Donovan Leisure Newton & Irvine
- Date founded: 1929
- Founder: William J. Donovan
- Dissolved: 1998

= Donovan, Leisure, Newton & Irvine =

American law firm

Donovan Leisure Newton & Irvine was an American white-shoe law firm, located in New York. It was founded in 1929 by General William "Wild Bill" Donovan, who was often referenced as the Father of the CIA. The firm dissolved in 1998. Its notable antitrust cases include a series of lawsuits involving American Cyanamid in the 1960s and Kodak. The firm wrote a practice book on ADR. The firm closed its doors after in 1998 when about 40 of its 60 lawyers were hired by Orrick, Herrington & Sutcliffe, a "large California law firm that [was] expanding aggressively in Manhattan."

==Notable alumni==
- William J. Donovan, the founder of the firm, who during World War II was the head of the Office of Strategic Services, the forerunner of the Central Intelligence Agency.
- J. Edward Lumbard, one of the founders of the firm in 1933, prosecutor in the office of the United States Attorney for the Southern District of New York, and judge for the United States Court of Appeals for the Second Circuit.
- Lloyd Blankfein, former CEO and Chairman of Goldman Sachs.
- William Egan Colby, Director of Central Intelligence (1973–1976).
- Paul A. Crotty, a federal judge for the United States District Court for the Southern District of New York.
- Nelson Denis, attorney, former member of the New York State Assembly.
- Roderick M. Hills, a former chairman of the Securities and Exchange Commission.
- Theodore S. Hope Jr., professor and co-author of many corporate law theories.
- Edward F. Cox, chairman of the New York Republican State Committee.
- Clarence Otis Jr., former CEO and chairman of Darden Restaurants.
- Walton C. Ament, vice president and general manager at Pathé News, one of the leaders in driving the newsreel artform that became a staple of movie theaters from the 1910s to the 1970s.
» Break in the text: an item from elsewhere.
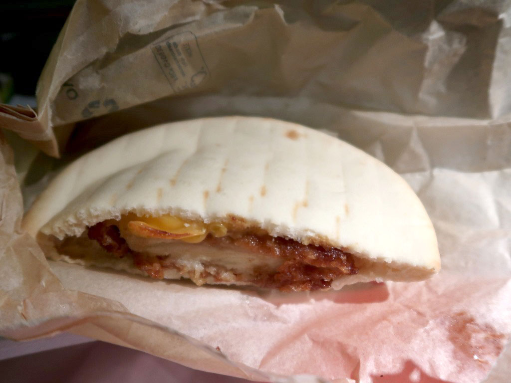 甘辛い鶏肉とチーズを挟んだピタサンドは、中の具も外のパンも温かく、味もいいものでした。食べやすいし、これはオススメ!

Newsreels were particularly important during the 1930s and 1940s, when they engaged viewers in a more intimate understanding of the conditions of the Great Depression and World War II.
- Whitman Knapp, who joined the firm after working as an assistant district attorney in Manhattan under Thomas E. Dewey.
- Laurence Tosi, managing partner of WestCap Group.
- David Pitofsky, general counsel for Newscorp.
- Bill Brown, co-inventor of Allam power cycle and founder and CEO of NET Power and 8 Rivers.